The idea that Anna just must have felt some passion for Don Giovanni persists in both criticism and staging, though usually in subtler form than William Mann’s astonishing pronouncement that she should be “pleasantly raped.” Funnily enough, some of these analyses also claim to rest on an interpretation of the music rather than the text, but reach very different conclusions from Hoffmann. Alfred Einstein and, most convolutedly, R.B. Moberly (Three Mozart Operas, 1967) read Donna Anna’s narration to Ottavio as deceptive and dishonest (the music supposedly betrays her), and interpret her ambivalence towards Don Ottavio not as grief or trauma but as a telltale sign of her secret passion for Don Giovanni.
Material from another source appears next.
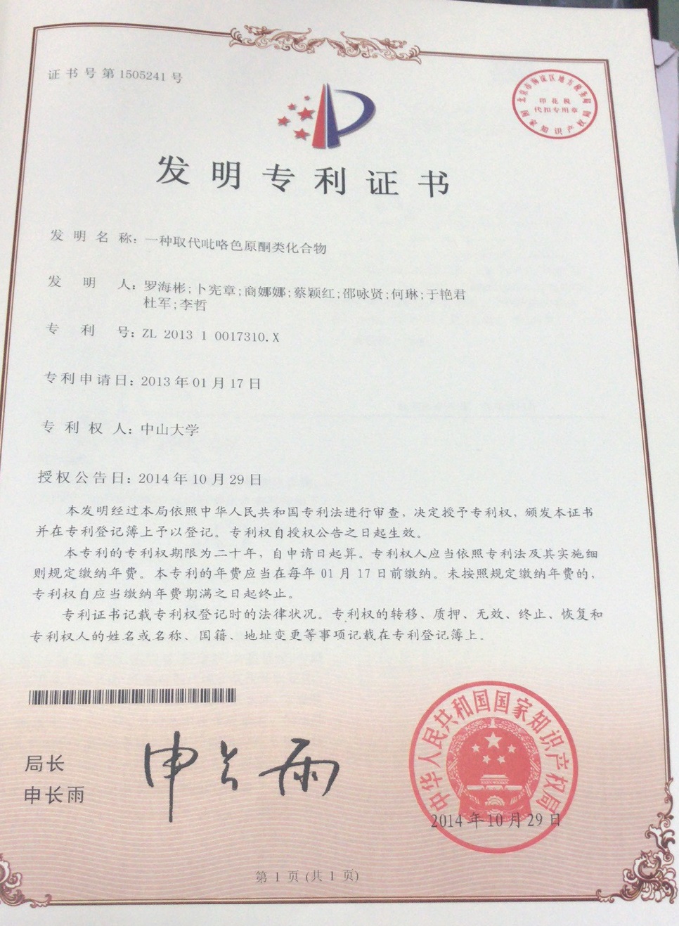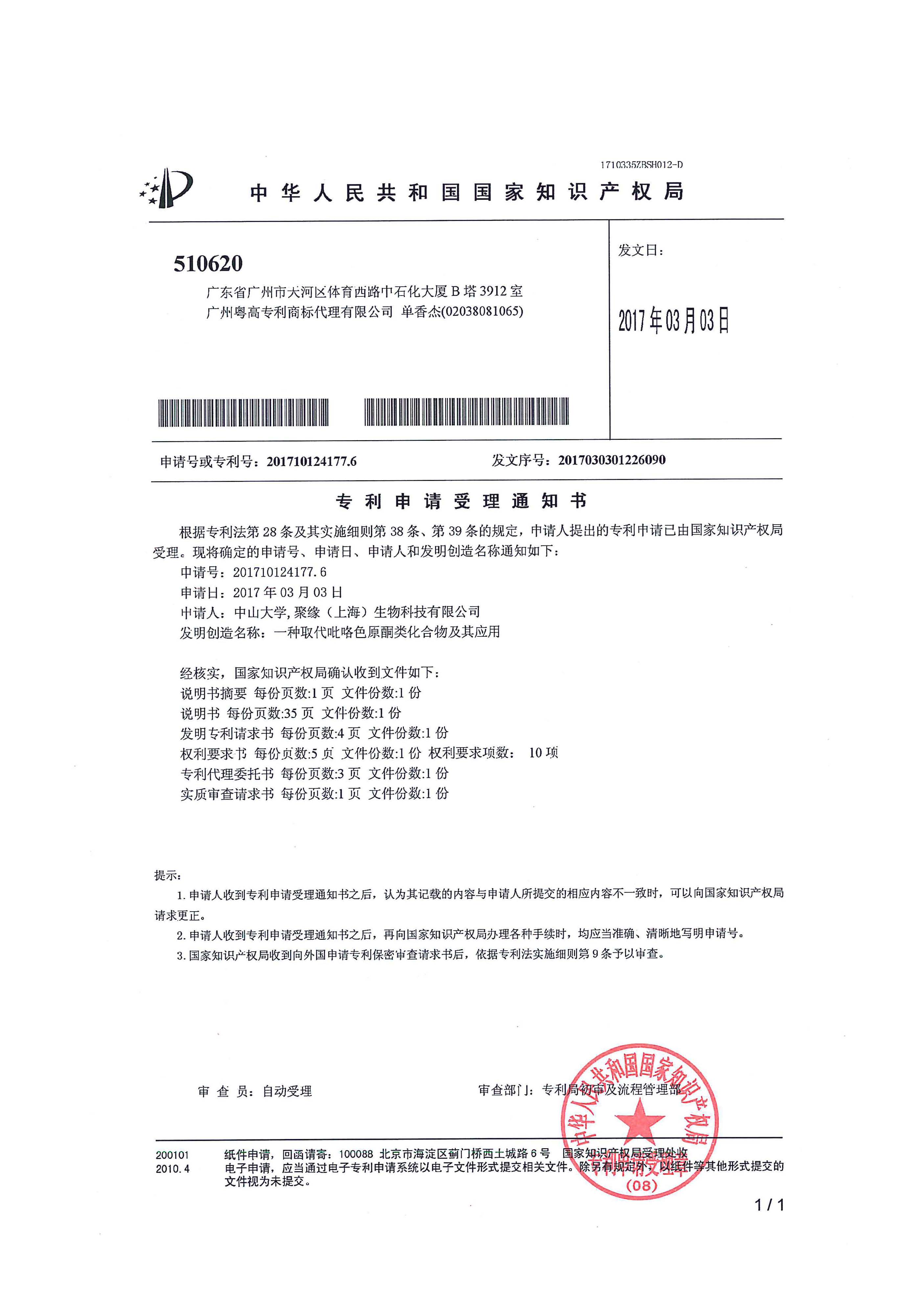 按照《yl23455永利集团科技成果转化实施办法》(中大科研〔2018〕15号)的规定,现将我校拟许可的“一种取代吡咯色原酮类化合物”等一项发明专利及一项发明专利申请的相关信息予以公示,公示期15日,自2019年7月31日至8月14日止。任何单位和个人如对转让有异议,可于2019年8月14日下午5:30前以书面形式送交科学研究院产学研合作处(地址:南校区中山楼新楼三楼7号)。异议应当签署真实姓名或加盖单位公章,并注明联系方式,逾期不予受理。

This analysis was thoroughly demolished by Julian Rushton in his Cambridge Opera Guide to Don Giovanni: “The real indecency here [that Anna cares for Giovanni rather than Ottavio] is to suggest, in line with the worst present-day mores, that she could not care so deeply about her father, nor be horrified by the attempt upon herself.”

Stage productions today often show a Donna Anna secretly in love with Don Giovanni. But they do this with an air of Freudian mystification as to the impulses of Woman. Anna turns up as an enigma who has no idea what she wants. To me this confusion seems quite directly contrary to her portrayal in any part of the opera text. This is a lady who knows exactly who she is and what she wants to do. Making her indecisive and infatuated reinforces a value system where the Don is a hero and woman is weak. I think there’s also a lot of pseudo-empowered “she is uncontrollably attracted to dangerous men and that makes her sexy,” which is all grounded in a big pile of patriarchy, as well as the mind-blowing assumptions cited by Rushton. Besides, isn’t her righteous anger pretty badass already?

To echo Rushton, the real indecency here is how contemporary society just doesn’t take the word of a woman who says she’s been raped seriously. Donna Anna enjoyed it and is just feeling guilty because she revealed herself as a slut. This kind of rape denial shit is an enormous problem for women today everywhere, and this particular interpretation seems to be in line with the worst present-day mores.

For example, consider Anna’s actions here in Martin Kusej’s Salzburg production. I’m aware I’m considering this out of the context of the production, but it is the first scene.

This seems to be fairly typical these days with the exception of some by-the-books traditional productions. Francesca Zambello’s production when I saw it in London had Anna kissing the Don (though it’s done differently on the DVD, interestingly enough), and Jean-Louis Martinoty’s Viennese train wreck last December (pictured at the top of this post) gave her an S&M thing. I find it very disappointing that some productions that seem to have a lot of thought put into them (I am not including Martinoty here) still default to such a reflexively patriarchal portrayal.

Or take Calixto Bieito:

I can’t tell if Renée is entertaining second thoughts here or if this is just poorly staged:

Can’t we consider the Occam’s Razor of emotional decoding, the simplest solution, which is that Don Giovanni attempted or succeeded in raping Donna Anna and she was very angry about this? Apparently it’s not that easy.

Recommended non-patriarchal Don Giovanni reading:
Kristi Brown-Montesano, Understanding the Women of Mozart’s Operas. University of California Press, 2007.
Daniel Heartz, Mozart’s Operas. University of California Press, 1990.
Julian Rushton, Don Giovanni. Cambridge Opera Handbooks, Cambridge University Press, 1981.
Lydia Goehr and Daniel Herwitz, eds. The Don Giovanni Moment. Columbia University Press, 2008.